Soon after the bombing, Raffaele received a hand-written note from Smithsonian magazine’s publisher, Kerry Bianchi. “We of course admire the great work you have done for Smithsonian,” he wrote, “but an encounter such as this reminds us of what is truly important…We’re grateful for your return and are with you on your road to recovery.”
Raffaele says that Winfrey never called him after the bombing and wouldn’t meet with him face to face in June of 2008, when Raffaele was in New York promoting his book Among the Cannibals (Smithsonian, June 2008). Winfrey says that after Raffaele threatened legal action he was advised not to communicate with the writer. (Editor’s note: Winfrey, seeing these remarks in Nieman Watchdog, wrote in an email that he didn’t phone Raffaele “in the days and weeks after the bombing because he told me he was sleeping ‘most of the time.’” Winfrey said the two stayed in touch by email until lawyers told him to stop.)
Although Raffaele’s positive spirit has returned, his life is forever changed. He spends most of his time inside, afraid to venture out because of his shaky balance and limited vision; in September he fell while crossing the road. “If I hit my head on the ground it could have very serious consequences given the damage already caused by the shrapnel,” Raffaele says.
In February 2010, Harper Collins released his latest book, Among the Great Apes: Adventures on the "Trail of Our Closest Relatives."Most of the reporting for the book was completed before the bombing but Raffaele had to make one last trip to Borneo four months after his return from Afghanistan to do some final reporting on orangutans. It proved frustrating. “Previously I managed two or three weeks in jungles with ease,” he explains. On this trip, “a single day wore me out.”
These days he’s only able to manage doing stories for TV programs, for which he acts as an “expert.” Because he’s not leading the story, he doesn’t have to arrange any of the logistics and the time commitment is brief.
Winfrey says of his former feature writer, “I don’t think anybody was quite the adventurer that Paul was.”

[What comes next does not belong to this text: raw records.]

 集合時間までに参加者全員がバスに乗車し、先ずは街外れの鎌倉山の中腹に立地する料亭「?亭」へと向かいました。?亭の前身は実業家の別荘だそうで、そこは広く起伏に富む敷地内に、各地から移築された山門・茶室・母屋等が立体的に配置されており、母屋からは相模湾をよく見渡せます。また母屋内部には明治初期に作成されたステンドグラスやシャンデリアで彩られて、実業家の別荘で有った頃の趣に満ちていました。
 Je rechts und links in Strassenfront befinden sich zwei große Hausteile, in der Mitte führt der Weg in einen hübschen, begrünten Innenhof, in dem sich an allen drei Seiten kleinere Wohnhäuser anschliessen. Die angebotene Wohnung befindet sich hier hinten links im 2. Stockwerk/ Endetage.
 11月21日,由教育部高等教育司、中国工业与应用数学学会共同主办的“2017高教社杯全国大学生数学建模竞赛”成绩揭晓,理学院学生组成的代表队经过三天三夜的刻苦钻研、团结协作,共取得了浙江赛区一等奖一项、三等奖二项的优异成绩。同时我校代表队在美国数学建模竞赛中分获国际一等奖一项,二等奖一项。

Raffaele said goodbye to that adventurer in Afghanistan. He hasn’t been able to write features since the bombing and suspects that he won’t be able to ever again. “It was my great love, and I miss it immensely.”

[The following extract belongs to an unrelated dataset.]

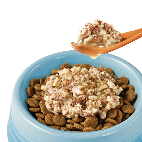 やわらかく食べやすい形状です。ドライフードにトッピングしてお使いください。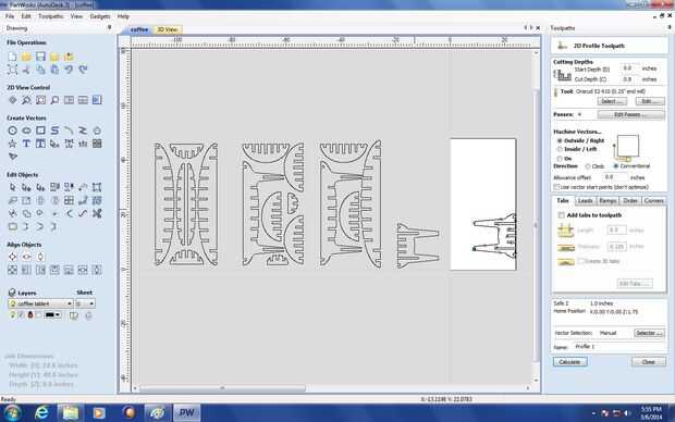 Nota sobre la creación de pestañas: Son piezas de su material que no corte para sostener las piezas en su lugar. Ya que tuve un buen montón de piezas a cortar y no quiero hacer un montón de trabajo post-procesamiento decidí no hacer fichas. Si usted tiene una mesa de trabajo con vacío entonces esto es grande porque no necesita las lengüetas de todos modos.

This story first appeared in a lengthier version on the website Stinky Journalism.org.

Posted by Gil Serique
07/30/2011, 09:31 AM

Very good article!I was with Paul Raffaele quite recent in the forbidden zone of the Suruwaha People, deep in the Amazon Region. As an interpreter I had the privilege to hear and translate his amazing stories. He was nice signing his book to my daughter who was still to be born in the following days.

Whatever has happened in Afghanistan affected badly the life of the greatest of all contemporary adventurers. One thing did not change, his strong will for more fascinating journeys. That is what his life is about, That is Paully!!!